All of which is no-news in Western India states like Maharashtra and Gujarat where sorghum, or jowar, has long been valued for all these things, and more. Like the way some varieties can be eaten when green, just as Americans ate sweetcorn: ideally on the farm itself, racing to plunge fresh plucked corn ears in boiling water before the delicate sugars inside turn into tasteless starch.
Today corn has been bred to be unnaturally sweet, even long after picking, but with these special varieties of jowar, like the one called Andhali Wani, you still get that delicate balance of sweet and starchy. Jowar is a millet, a class of grains named for their numerous — mille or million — tiny seeds. Historically this made them less desirable than rice or wheat, whose large grains contain abundant starch, but it made millets healthier and better to eat when fresh.
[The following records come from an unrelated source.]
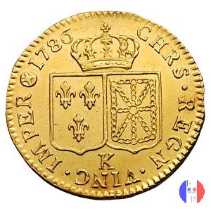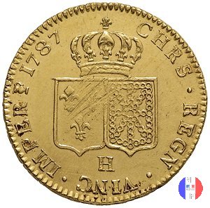 24 livres (luigi d'oro) - II tipo Dritto: LUD • XVI • D • G • FR • ET NAV • REX Busto (volto a sinistra) del re Luigi XVI Verso: CHRS • REGN • VINC • IMPE Gli stemmi di Francia e di Navarra accostati e sormontati da un corona | |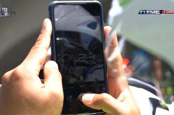 Salah satu perangkat ETLE yang digunakan adalah HP yang dioperasionalkan polisi.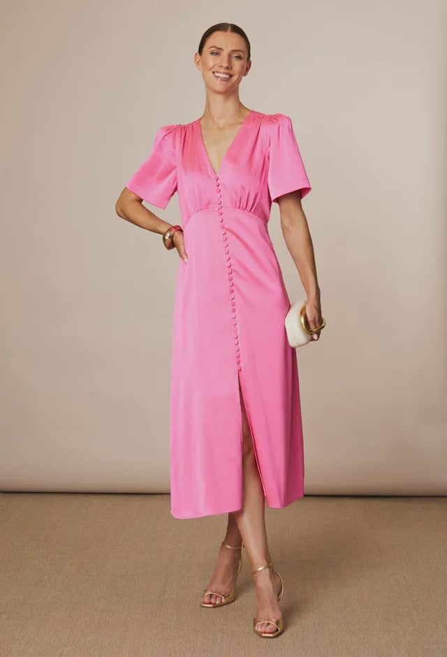 The Chrissie Dress is crafted from a fluid silky touch fabric that drapes beautifully for an elegant fit. Designed with a flattering v-neckline, gentle waist definition and a fluid skirt, it delivers relaxed elegance for both daytime and occasion wear.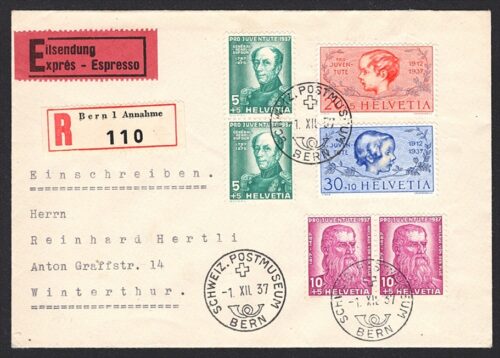Schweiz, FDC, Pro Juventute, Nr.81-84, überkomplett auf portogerechtem R-Express-FDC, POSTMUSEUM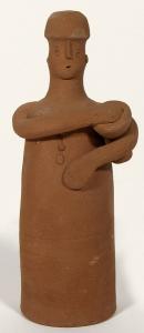 [Votive figurine with conical-shaped body, carrying a vessel]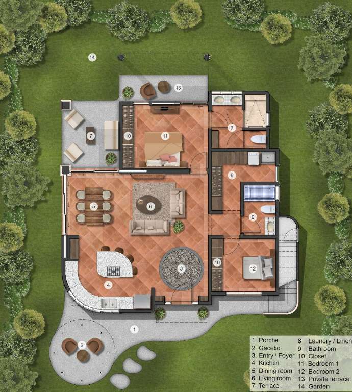 - Integrated living, dining, and terrace areas with handcrafted brick vaulted ceilings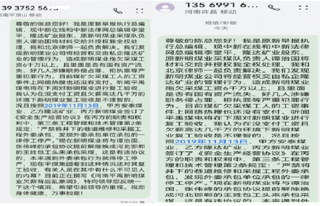 看看这个第十条规定:乙方和丙方未按时足额支付综合服务费、职工薪酬保障金、职工安置费,应急处置风险抵押金等费用,或单位职工工资超过1个月还不及时发放的,停产整顿至足额缴纳上述费用和支付欠发工资后,方可复工复产。因乙方股东内部发生纠纷,影响丙方正常安全生产经营活动的,对丙方方实施停产整頓,整顿时间至纠纷完全解决后,方可复工复产。 而谭治国就是乙方隆达矿业的股东,目前因为采煤队的资金结算股东内部发生纠纷,还没有解决。 多人发短信 阻止不了对平禹新明煤业的验收 26日,在得知平煤集团准备对平禹新明煤业的复工复产进行验收。于是撰稿人给平煤集团负责小煤矿管理的张浩先生和平禹煤电公司程洪涛总经理发送了以下短信。但没有得到任何回应。

Eating green wheat is like chewing gum, but green jowar is juicy and only slightly chewy, filling your mouth with the fresh flavours of Western India’s winter, really its spring. It is also slightly smoky because farmers roast the freshly plucked ears of jowar on wood-fires before beating them to release the small seeds. In farms near Surat in Gujarat, where it is called ponk, or Solapur or Nagpur in Maharashtra, where it is hurda, you can eat this in the fields, with a twist of lime and some crunchy, spicy sev for contrast, and big glasses of buttermilk to wash it all down.
Those who live in cities like Mumbai are not so lucky, but systems are in place to bring it in, sometimes using angadias, the confidential couriers who otherwise transport diamonds between Mumbai and Surat. Connoisseurs have it delivered direct, or go to the market early to get their fix. Other ways of eating it have also been devised — clumping the green seeds together with besan batter to fry as ponk pakodas, or grinding them into a paste with onion and spices to make little, vividly green pancakes.
The future of ponk could be precarious. Gujarat’s industrialistion has eaten into its fields and farmers have little interest in millets, because of the Indian government’s inexplicable fixation on only really supporting rice and wheat. But Gujarat’s far-flung and food-loving diaspora has provided some future. There are now techniques for preserving ponk and sending it across the world, and with this new focus on sorghum, perhaps chefs abroad will also discover its chewy charms.
Or it could be another reason to do a winter trip to Western India and head out into its fields where enterprising farmers now advertise hurda or ponk parties. Far from America’s food trends, this is where sorghum has always been celebrated at its seasonal best.